DOCX (and XLSX, PPTX) are ZIP archives. Rename a .docx to .zip, extract it, and you'll find directories of XML files. The main document text is in word/document.xml. Styles are in word/styles.xml. Images live in word/media/. Relationships between files are mapped in _rels/ directories.

document.docx/
├── [Content_Types].xml
├── _rels/
│   └── .rels
├── word/
│   ├── document.xml          ← Main content
│   ├── styles.xml            ← Style definitions
│   ├── settings.xml          ← Document settings
│   ├── fontTable.xml         ← Font references
│   ├── numbering.xml         ← List numbering
│   ├── media/
│   │   └── image1.png        ← Embedded images
│   └── _rels/
│       └── document.xml.rels ← Content relationships
└── docProps/
    ├── core.xml              ← Author, dates, title
    └── app.xml               ← Word version, company

This means a DOCX is programmatically readable and writable without Word—libraries like python-docx, docx4j, or Pandoc process the XML directly. It also means your metadata (author name, revision count, edit time) is sitting in plaintext inside the ZIP, readable by anyone who opens it.

PDF: A Fixed Canvas

PDF describes a document as a sequence of drawing operations on a fixed-size canvas. Text is rendered by specifying font, position, and glyph sequence—not as a semantic "paragraph" or "heading." Images are embedded as raster or vector data. Pages are self-contained; there's no concept of text flowing between pages during rendering.

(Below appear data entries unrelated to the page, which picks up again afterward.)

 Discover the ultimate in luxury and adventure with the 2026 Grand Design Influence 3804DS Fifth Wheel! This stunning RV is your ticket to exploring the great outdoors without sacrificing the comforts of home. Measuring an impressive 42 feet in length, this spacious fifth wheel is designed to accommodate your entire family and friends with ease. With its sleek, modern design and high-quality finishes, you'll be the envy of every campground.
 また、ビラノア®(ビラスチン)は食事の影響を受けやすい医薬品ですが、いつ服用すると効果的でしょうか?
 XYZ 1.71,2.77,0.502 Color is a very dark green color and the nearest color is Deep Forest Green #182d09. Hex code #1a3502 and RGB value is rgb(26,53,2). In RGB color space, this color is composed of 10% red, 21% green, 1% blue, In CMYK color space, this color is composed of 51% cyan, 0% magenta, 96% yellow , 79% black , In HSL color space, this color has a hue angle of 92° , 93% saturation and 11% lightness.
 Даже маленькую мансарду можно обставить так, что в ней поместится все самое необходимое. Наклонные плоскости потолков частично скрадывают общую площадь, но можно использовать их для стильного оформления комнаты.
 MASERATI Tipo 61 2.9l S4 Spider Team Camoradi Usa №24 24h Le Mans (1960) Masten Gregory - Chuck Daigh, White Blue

This fixed-layout model is PDF's strength (identical appearance everywhere) and its weakness (painful to edit, difficult to reflow for different screen sizes, accessibility requires extra metadata layers). When you "edit" a PDF in Acrobat, you're either overlaying new content or, in more sophisticated editing, manipulating the content streams directly—which is why it's slow and sometimes produces odd results.

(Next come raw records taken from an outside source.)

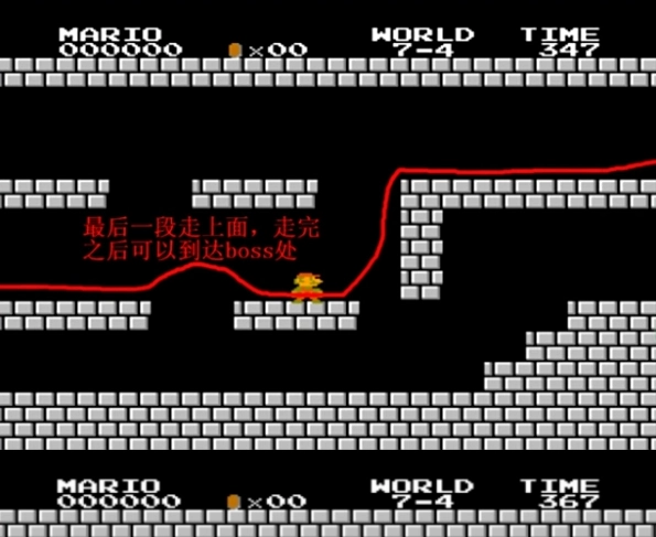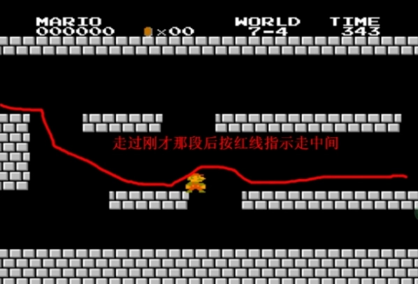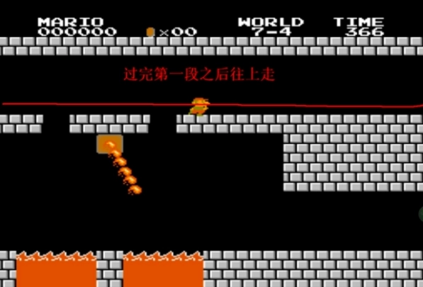 3.接下来,继续依照红线的指引向上行进,走完上方的第一大段路程就能顺利通过,具体可参照图示。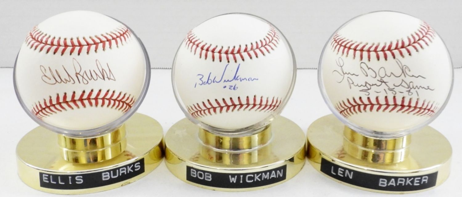 NO COA’S, SIGNED ON MAJOR LEAGUE BASEBALL, LEN BARKER, BOB WICKMAN, ELLIS BURKS
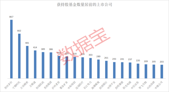 以持股基金数统计,目前有20家上市公司获得200只以上基金共同持有。贵州茅台、宁德时代、立讯精密和五粮液暂列四强,持股基金数分别为867只、662只、481只、414只。从行业分布看,上述20股中,食品饮料、医药生物各有4股,电力设备、电子、非银金融各有2股。

PDF can contain text as actual text (selectable, searchable, copy-pasteable) or as images of text (from scanning or certain printing workflows). The latter requires OCR to become searchable. A PDF being "searchable" means the text content is present in the file's data structure, not just visible as pixels.

ODT: The Open Standard

ODT (OpenDocument Text) is also a ZIP of XML, following the ISO 26300 standard. The content is in content.xml, styles in styles.xml. It's structurally similar to DOCX but uses different XML namespaces and element names. LibreOffice is its native application; it's also supported by Google Docs and most modern word processors.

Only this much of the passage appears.